== PROVIDED MATERIAL ==
Content starts

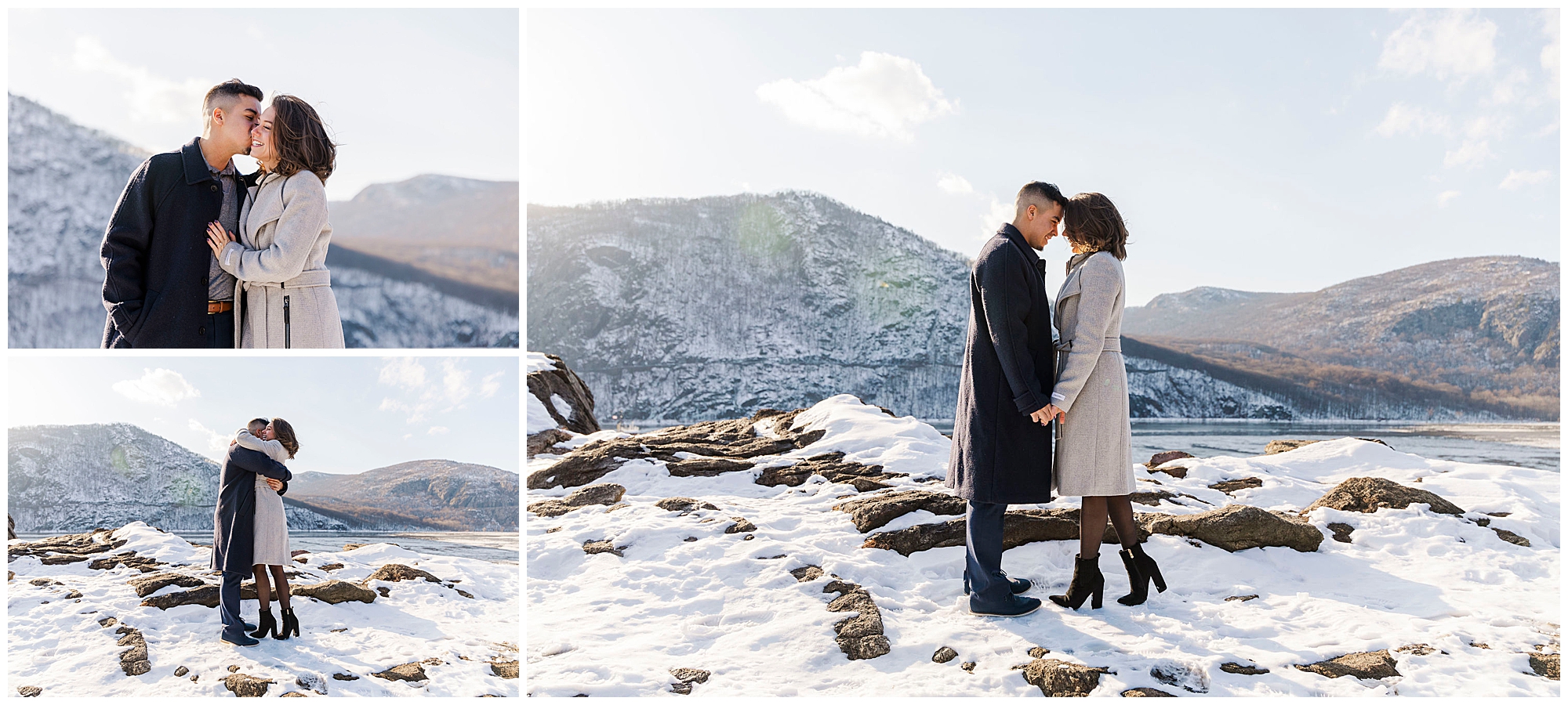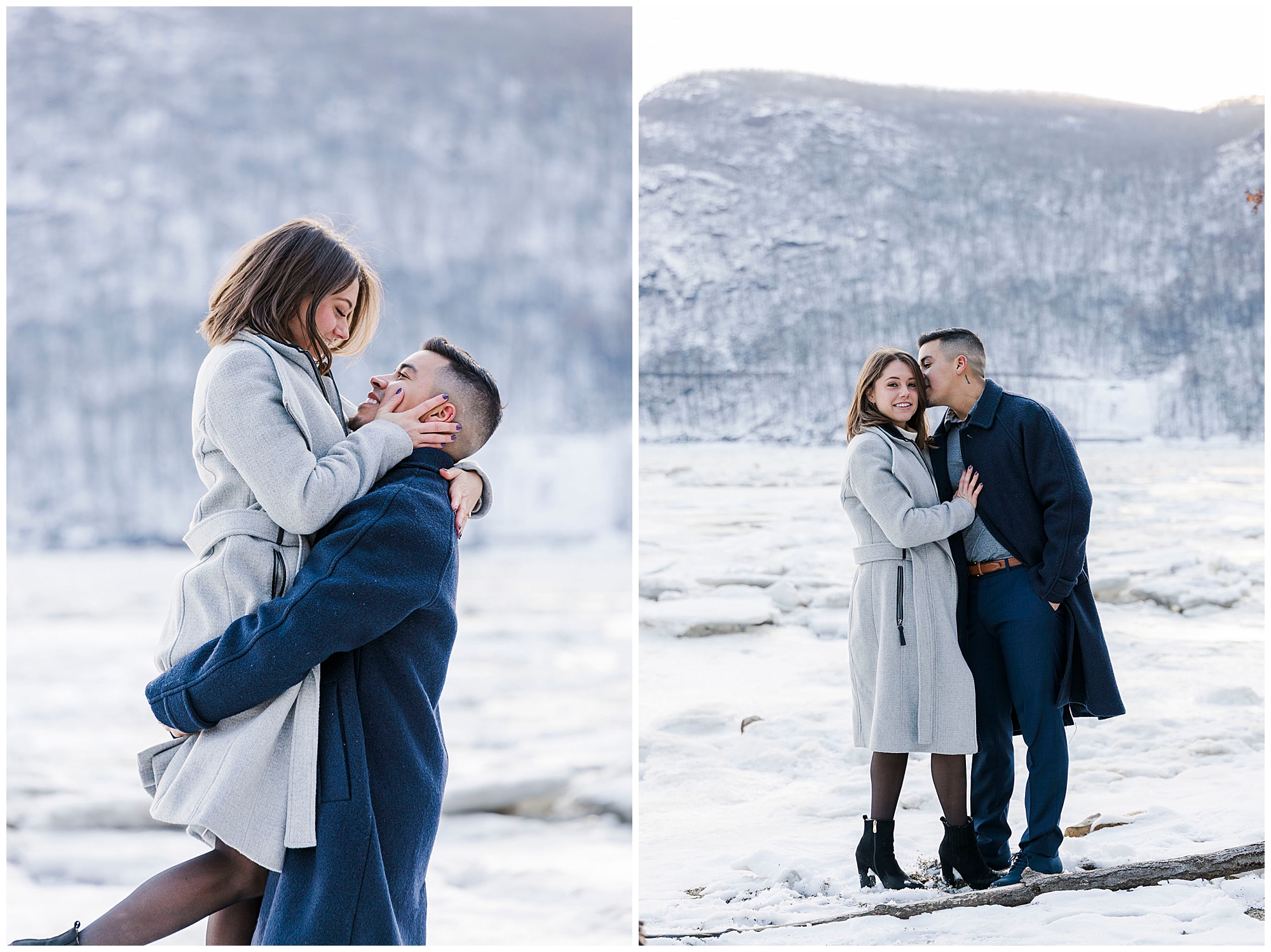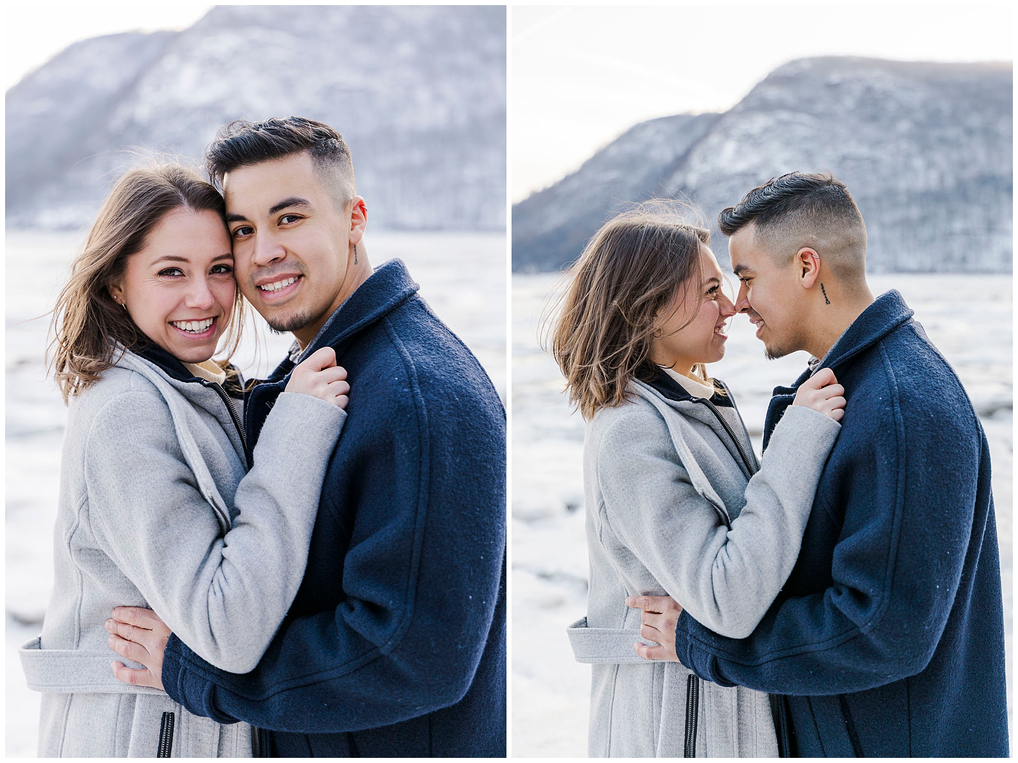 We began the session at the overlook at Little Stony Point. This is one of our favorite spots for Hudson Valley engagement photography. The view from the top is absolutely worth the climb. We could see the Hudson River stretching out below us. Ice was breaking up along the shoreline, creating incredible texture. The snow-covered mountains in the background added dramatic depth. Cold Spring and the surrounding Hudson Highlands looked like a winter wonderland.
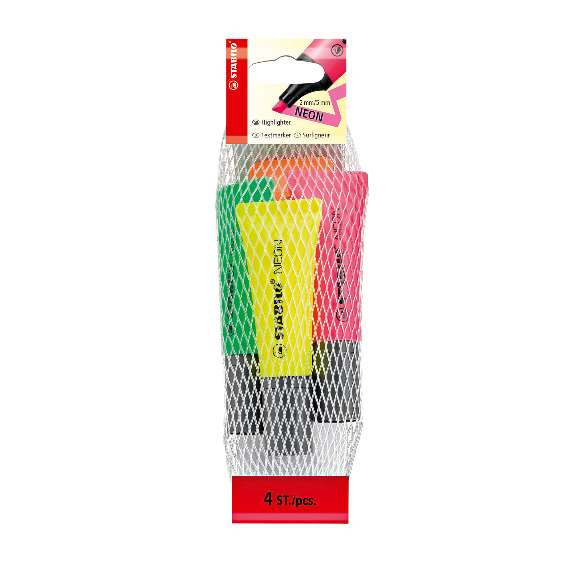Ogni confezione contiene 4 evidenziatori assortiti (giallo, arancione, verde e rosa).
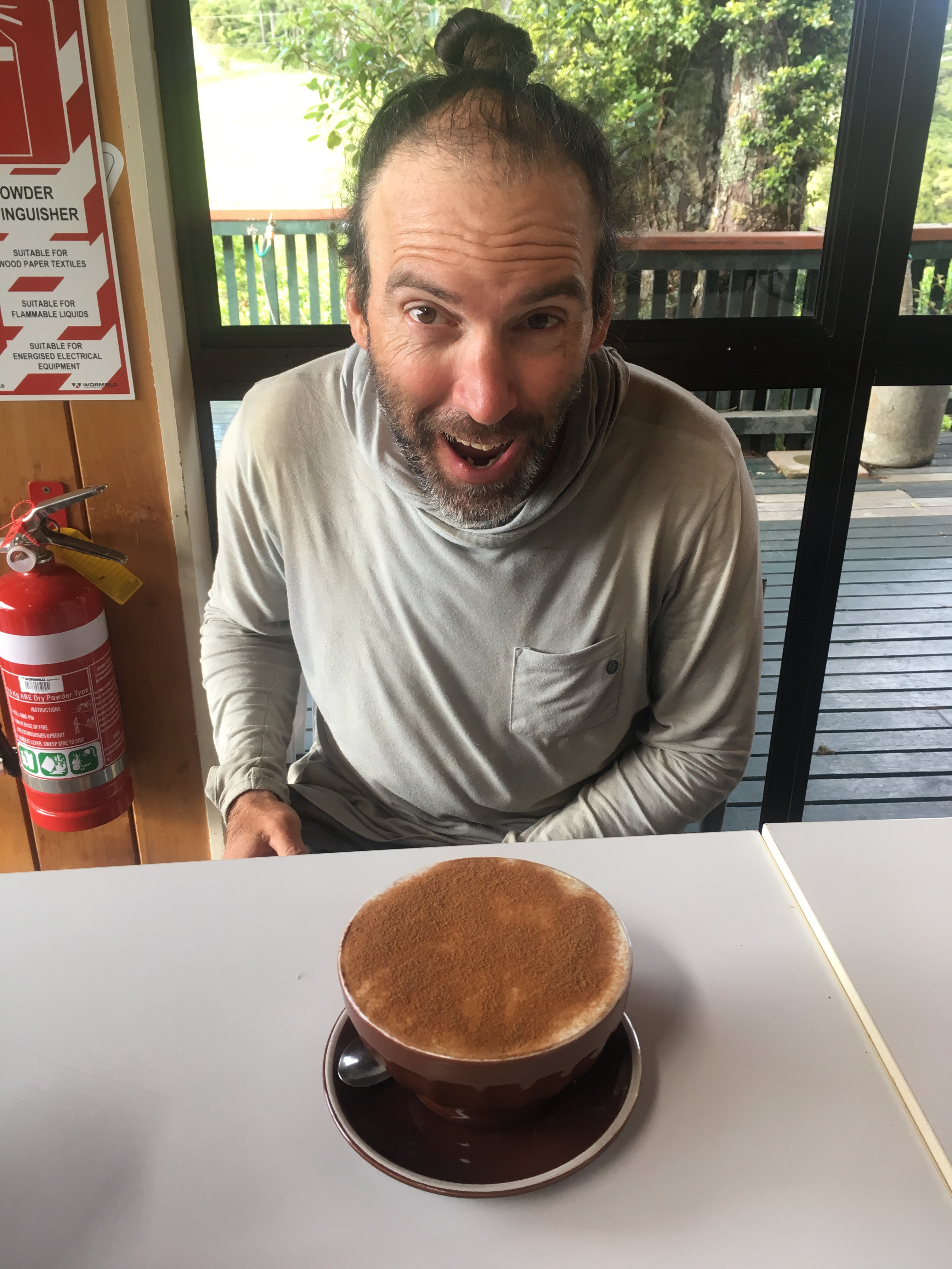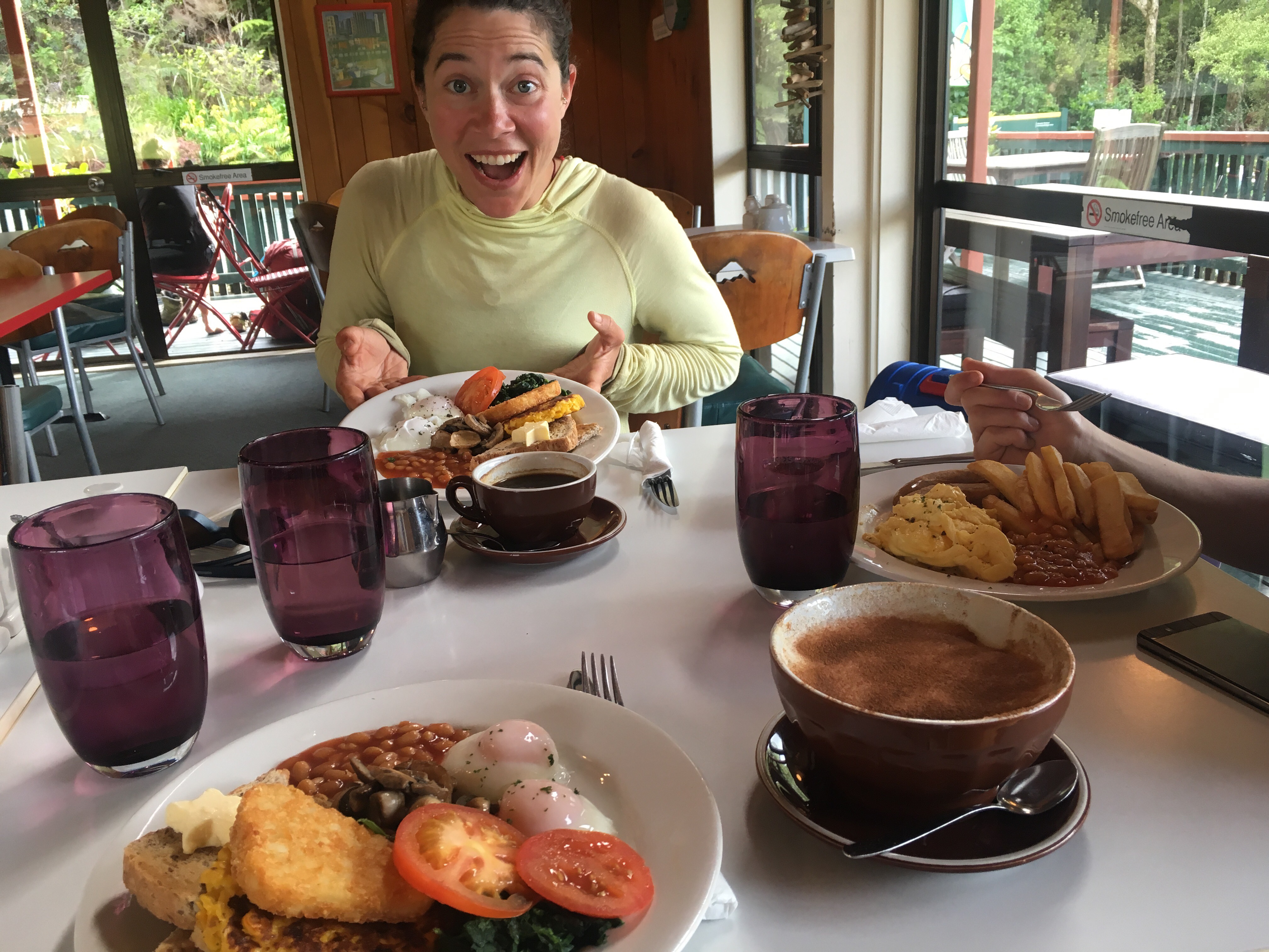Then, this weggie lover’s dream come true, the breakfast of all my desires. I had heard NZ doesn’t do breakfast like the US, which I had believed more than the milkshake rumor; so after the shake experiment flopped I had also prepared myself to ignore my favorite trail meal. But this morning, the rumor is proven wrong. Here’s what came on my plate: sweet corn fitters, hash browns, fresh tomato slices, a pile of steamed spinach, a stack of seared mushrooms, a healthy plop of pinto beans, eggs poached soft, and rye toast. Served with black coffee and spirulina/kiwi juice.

Content ends

== YOUR ASSIGNMENT ==
Would you mind transcribing the material exactly, without the pictures?

== COMPLETED EXERCISE ==
 We began the session at the overlook at Little Stony Point. This is one of our favorite spots for Hudson Valley engagement photography. The view from the top is absolutely worth the climb. We could see the Hudson River stretching out below us. Ice was breaking up along the shoreline, creating incredible texture. The snow-covered mountains in the background added dramatic depth. Cold Spring and the surrounding Hudson Highlands looked like a winter wonderland.
Ogni confezione contiene 4 evidenziatori assortiti (giallo, arancione, verde e rosa).
Then, this weggie lover’s dream come true, the breakfast of all my desires. I had heard NZ doesn’t do breakfast like the US, which I had believed more than the milkshake rumor; so after the shake experiment flopped I had also prepared myself to ignore my favorite trail meal. But this morning, the rumor is proven wrong. Here’s what came on my plate: sweet corn fitters, hash browns, fresh tomato slices, a pile of steamed spinach, a stack of seared mushrooms, a healthy plop of pinto beans, eggs poached soft, and rye toast. Served with black coffee and spirulina/kiwi juice.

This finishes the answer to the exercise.